Output exactly the lines of the listing below that run from the line with "在福建海洋检察保护智慧管理与" through the line with "The Noelia Pink". No pictures.

--- START ---

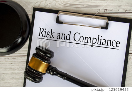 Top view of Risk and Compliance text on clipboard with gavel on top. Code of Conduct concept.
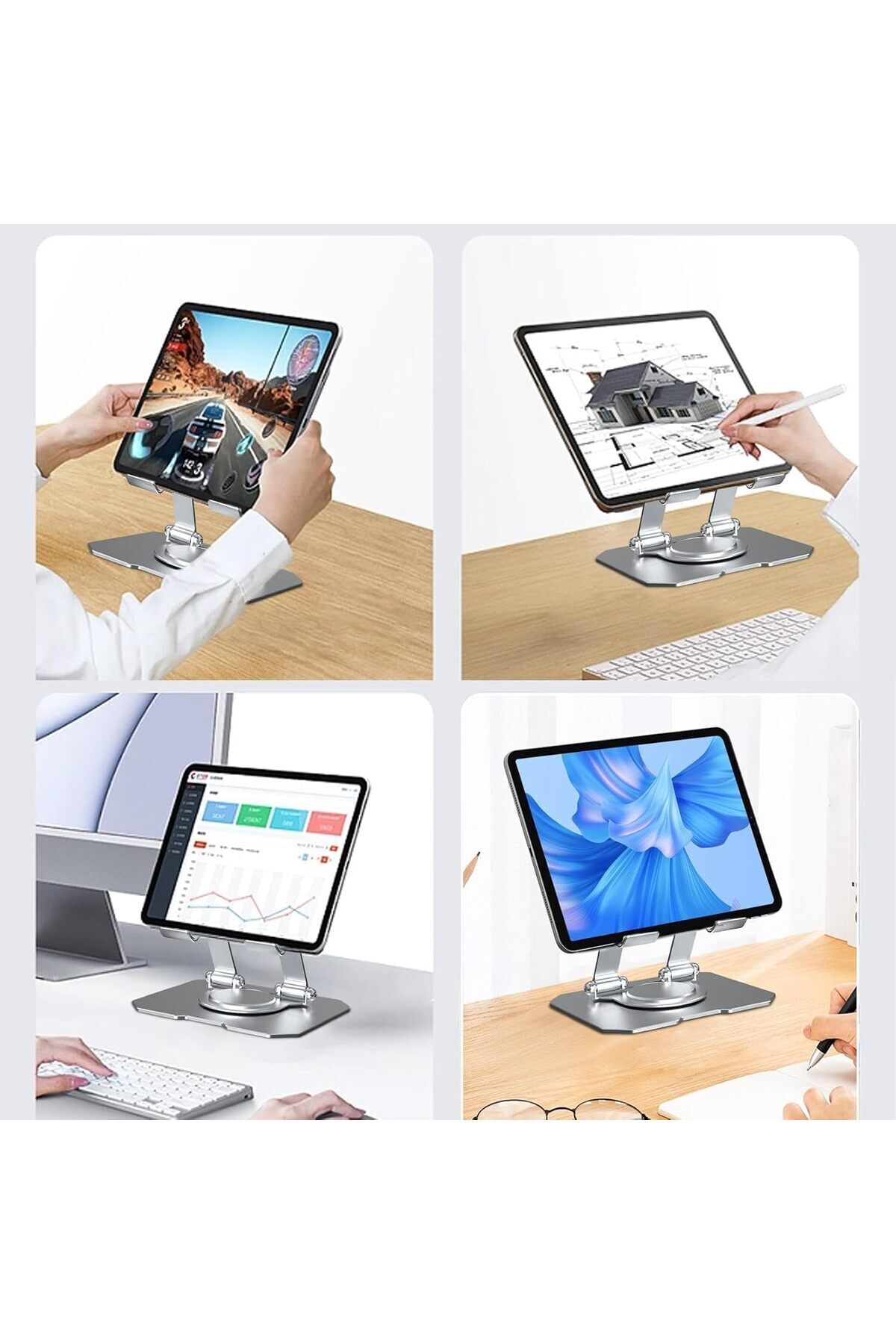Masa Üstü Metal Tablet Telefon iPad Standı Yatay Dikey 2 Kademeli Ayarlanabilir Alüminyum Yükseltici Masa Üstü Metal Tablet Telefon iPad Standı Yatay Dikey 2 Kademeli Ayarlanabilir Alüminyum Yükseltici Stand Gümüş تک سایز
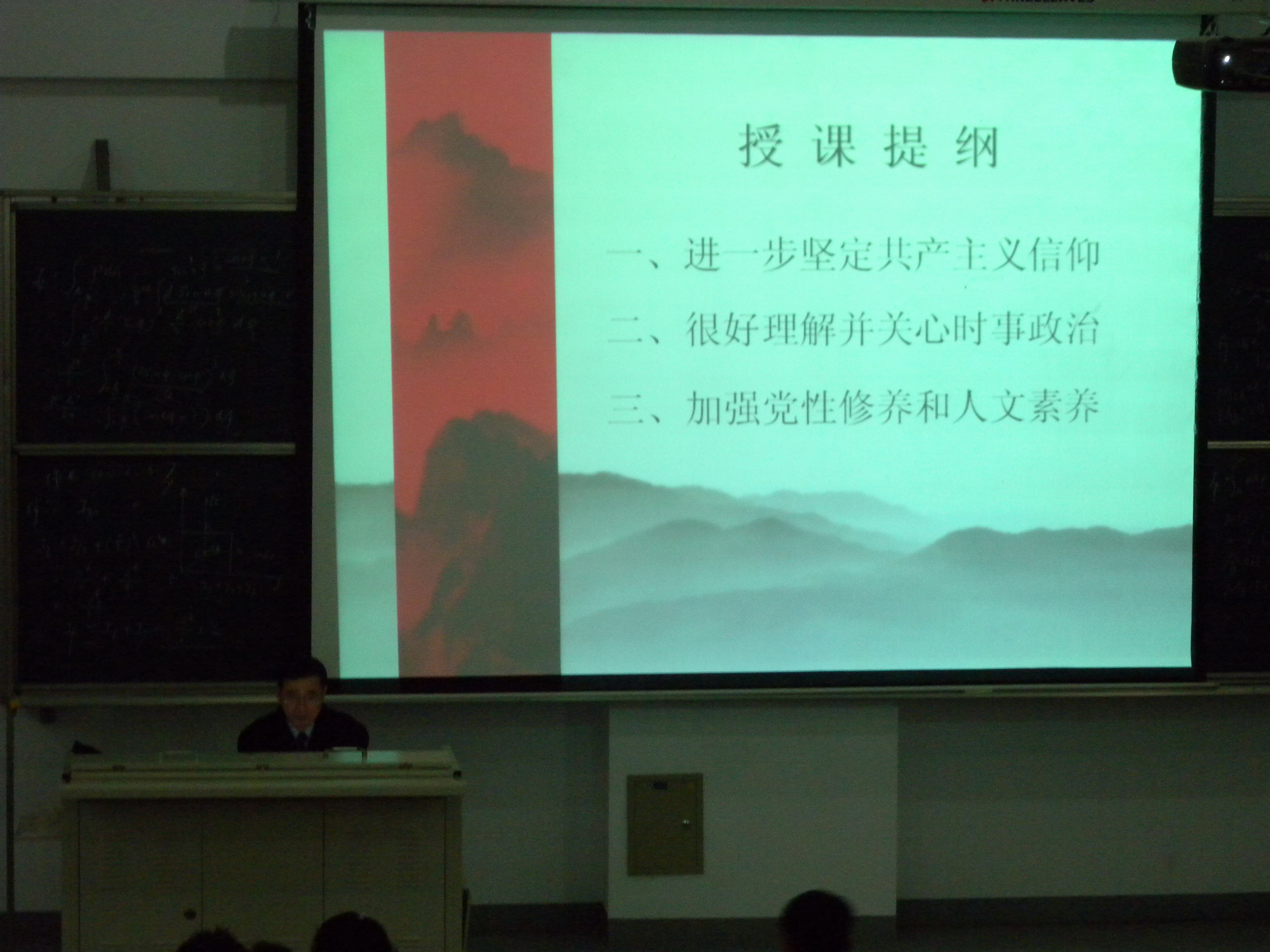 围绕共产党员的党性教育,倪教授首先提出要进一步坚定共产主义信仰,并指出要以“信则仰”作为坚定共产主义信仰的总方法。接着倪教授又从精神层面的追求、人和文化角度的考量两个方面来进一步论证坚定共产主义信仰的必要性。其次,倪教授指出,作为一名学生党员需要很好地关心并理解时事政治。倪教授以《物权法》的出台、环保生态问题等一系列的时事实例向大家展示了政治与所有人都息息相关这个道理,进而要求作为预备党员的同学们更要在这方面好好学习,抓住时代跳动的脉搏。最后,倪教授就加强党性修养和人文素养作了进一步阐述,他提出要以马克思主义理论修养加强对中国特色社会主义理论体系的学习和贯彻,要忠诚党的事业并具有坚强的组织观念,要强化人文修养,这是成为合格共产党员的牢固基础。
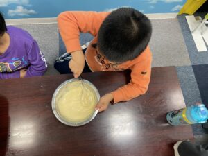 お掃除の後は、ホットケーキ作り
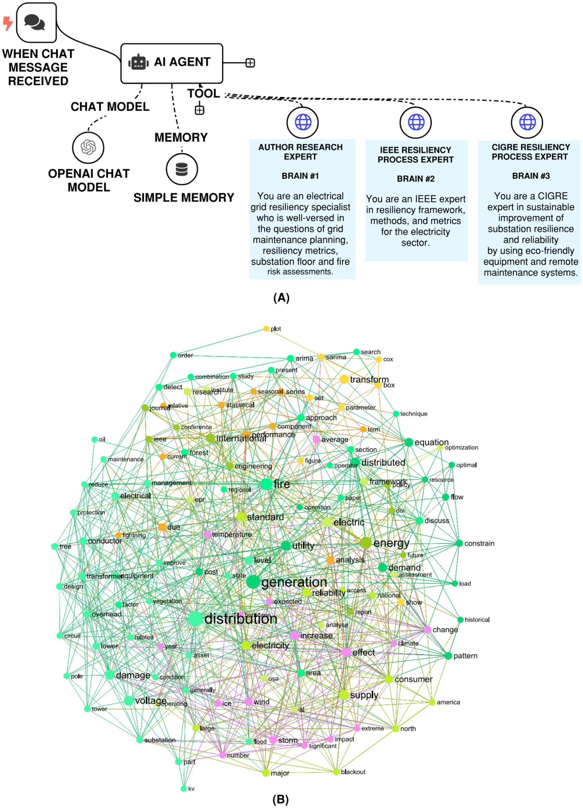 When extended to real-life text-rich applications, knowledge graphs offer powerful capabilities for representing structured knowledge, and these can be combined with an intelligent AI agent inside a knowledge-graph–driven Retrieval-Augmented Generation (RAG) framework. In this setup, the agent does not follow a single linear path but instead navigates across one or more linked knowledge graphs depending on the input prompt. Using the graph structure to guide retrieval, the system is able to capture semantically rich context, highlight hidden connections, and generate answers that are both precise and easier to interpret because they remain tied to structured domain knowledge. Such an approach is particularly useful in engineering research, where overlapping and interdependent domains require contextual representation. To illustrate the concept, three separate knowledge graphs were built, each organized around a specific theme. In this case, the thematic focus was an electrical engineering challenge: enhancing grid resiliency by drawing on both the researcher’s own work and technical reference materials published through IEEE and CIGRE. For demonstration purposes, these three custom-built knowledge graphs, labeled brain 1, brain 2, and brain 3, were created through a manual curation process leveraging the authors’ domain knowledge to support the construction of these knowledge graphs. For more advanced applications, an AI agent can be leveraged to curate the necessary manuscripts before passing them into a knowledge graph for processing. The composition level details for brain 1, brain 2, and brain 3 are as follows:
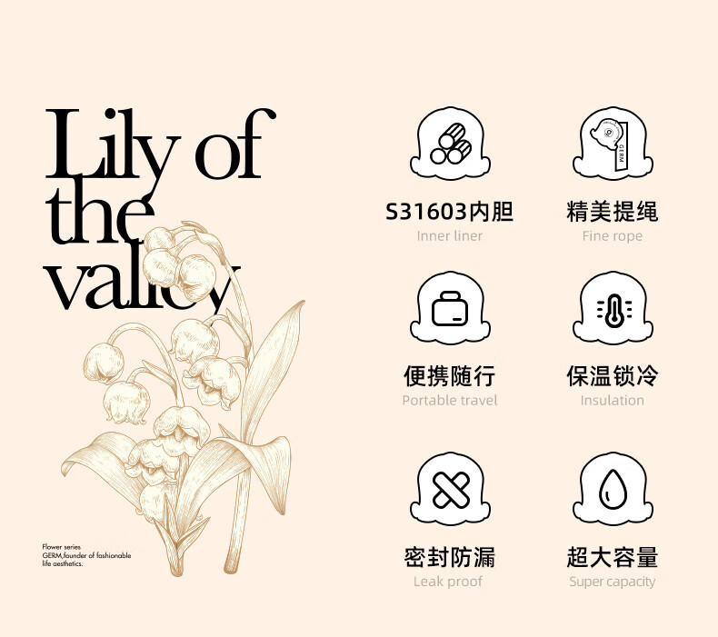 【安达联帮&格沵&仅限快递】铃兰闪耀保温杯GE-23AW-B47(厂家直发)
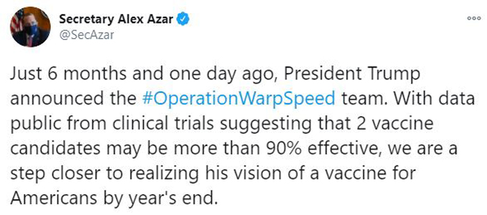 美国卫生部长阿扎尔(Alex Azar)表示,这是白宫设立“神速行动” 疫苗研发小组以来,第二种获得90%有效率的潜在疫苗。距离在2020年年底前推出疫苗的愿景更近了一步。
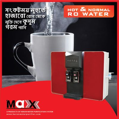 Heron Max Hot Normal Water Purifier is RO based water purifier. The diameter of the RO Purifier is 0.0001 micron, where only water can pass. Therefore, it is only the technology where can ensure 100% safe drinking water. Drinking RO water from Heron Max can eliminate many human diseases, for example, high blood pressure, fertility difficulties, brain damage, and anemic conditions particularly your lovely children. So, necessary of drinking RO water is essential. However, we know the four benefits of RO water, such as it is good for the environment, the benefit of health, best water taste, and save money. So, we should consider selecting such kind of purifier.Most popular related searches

--- END ---
--- START ---

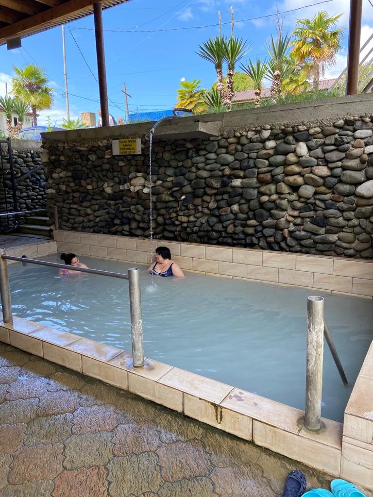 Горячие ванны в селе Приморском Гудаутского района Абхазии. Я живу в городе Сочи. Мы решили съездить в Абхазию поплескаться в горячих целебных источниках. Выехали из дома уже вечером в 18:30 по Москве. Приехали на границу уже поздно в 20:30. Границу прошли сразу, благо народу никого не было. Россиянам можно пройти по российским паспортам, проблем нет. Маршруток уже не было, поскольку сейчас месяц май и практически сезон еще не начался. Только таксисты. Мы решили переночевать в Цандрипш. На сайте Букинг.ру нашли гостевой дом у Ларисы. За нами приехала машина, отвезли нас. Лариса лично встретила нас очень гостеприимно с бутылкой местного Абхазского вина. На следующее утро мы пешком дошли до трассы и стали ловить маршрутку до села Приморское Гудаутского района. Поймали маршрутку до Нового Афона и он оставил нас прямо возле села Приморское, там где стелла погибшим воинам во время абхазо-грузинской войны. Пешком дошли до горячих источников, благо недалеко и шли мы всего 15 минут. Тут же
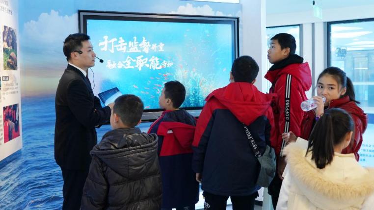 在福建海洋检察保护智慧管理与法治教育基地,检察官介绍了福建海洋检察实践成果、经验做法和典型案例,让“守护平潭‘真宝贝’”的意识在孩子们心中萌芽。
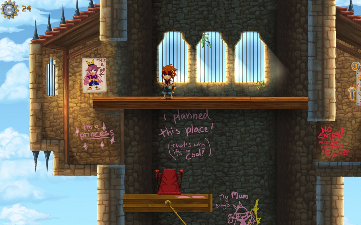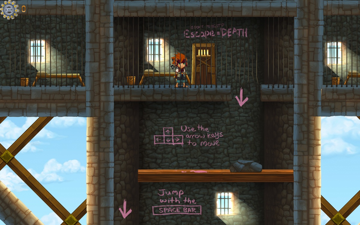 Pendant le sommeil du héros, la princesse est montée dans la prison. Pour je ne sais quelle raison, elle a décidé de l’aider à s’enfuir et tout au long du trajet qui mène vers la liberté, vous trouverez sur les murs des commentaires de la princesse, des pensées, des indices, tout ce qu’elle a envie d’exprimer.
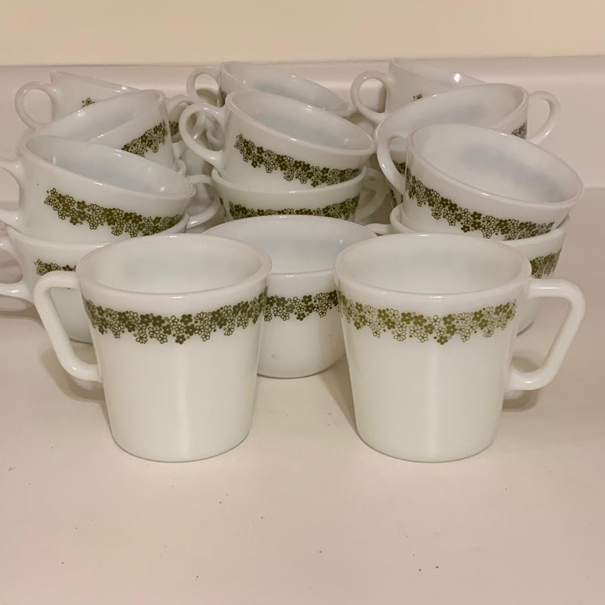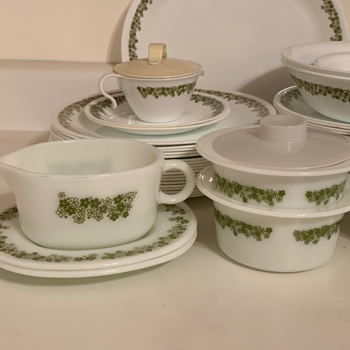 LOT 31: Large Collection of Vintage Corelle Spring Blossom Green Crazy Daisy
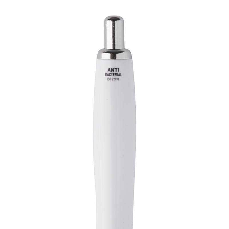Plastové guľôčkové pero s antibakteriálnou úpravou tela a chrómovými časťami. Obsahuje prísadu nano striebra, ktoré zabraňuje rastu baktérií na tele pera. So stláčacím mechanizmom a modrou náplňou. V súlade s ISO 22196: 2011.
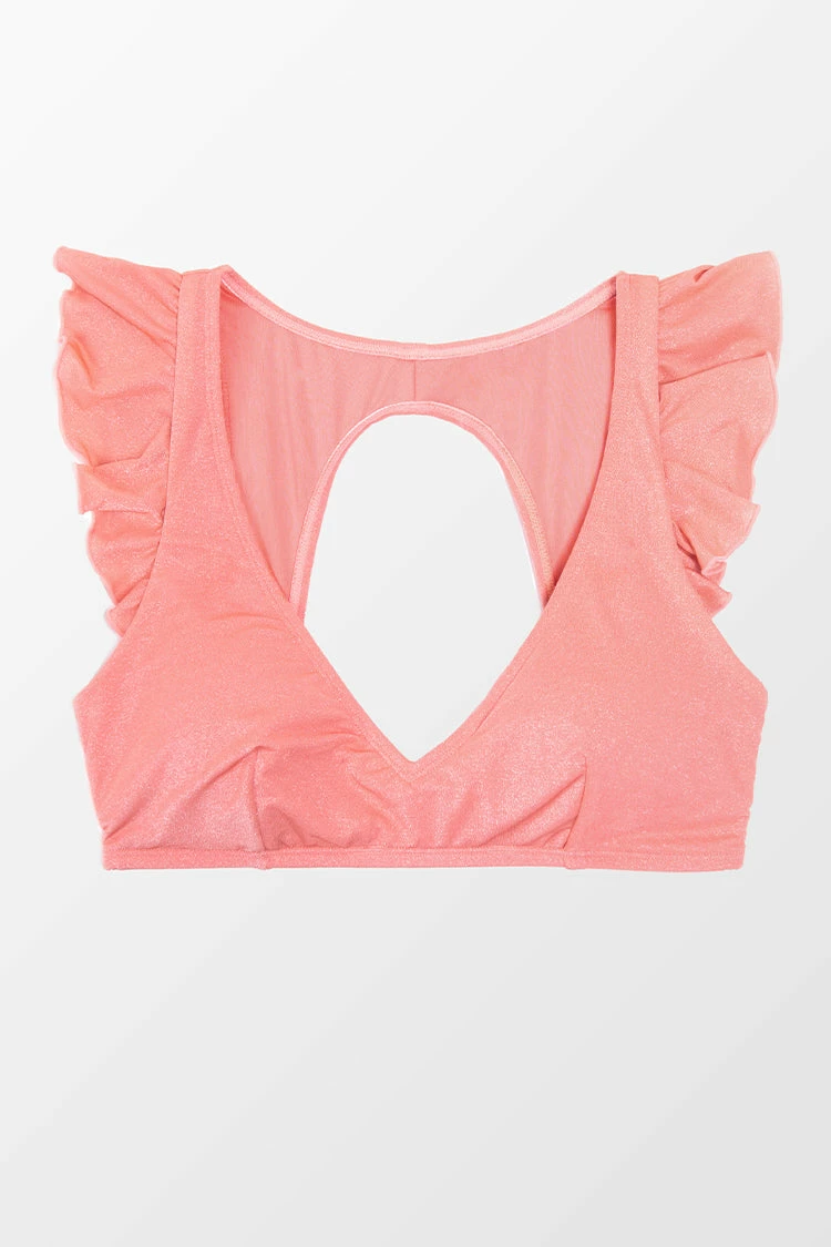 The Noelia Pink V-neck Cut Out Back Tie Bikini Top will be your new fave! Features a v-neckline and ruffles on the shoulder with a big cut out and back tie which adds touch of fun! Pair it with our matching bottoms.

--- END ---

**ANSWER BOX**.
 在福建海洋检察保护智慧管理与法治教育基地,检察官介绍了福建海洋检察实践成果、经验做法和典型案例,让“守护平潭‘真宝贝’”的意识在孩子们心中萌芽。
 Pendant le sommeil du héros, la princesse est montée dans la prison. Pour je ne sais quelle raison, elle a décidé de l’aider à s’enfuir et tout au long du trajet qui mène vers la liberté, vous trouverez sur les murs des commentaires de la princesse, des pensées, des indices, tout ce qu’elle a envie d’exprimer.
 LOT 31: Large Collection of Vintage Corelle Spring Blossom Green Crazy Daisy
Plastové guľôčkové pero s antibakteriálnou úpravou tela a chrómovými časťami. Obsahuje prísadu nano striebra, ktoré zabraňuje rastu baktérií na tele pera. So stláčacím mechanizmom a modrou náplňou. V súlade s ISO 22196: 2011.
 The Noelia Pink V-neck Cut Out Back Tie Bikini Top will be your new fave! Features a v-neckline and ruffles on the shoulder with a big cut out and back tie which adds touch of fun! Pair it with our matching bottoms.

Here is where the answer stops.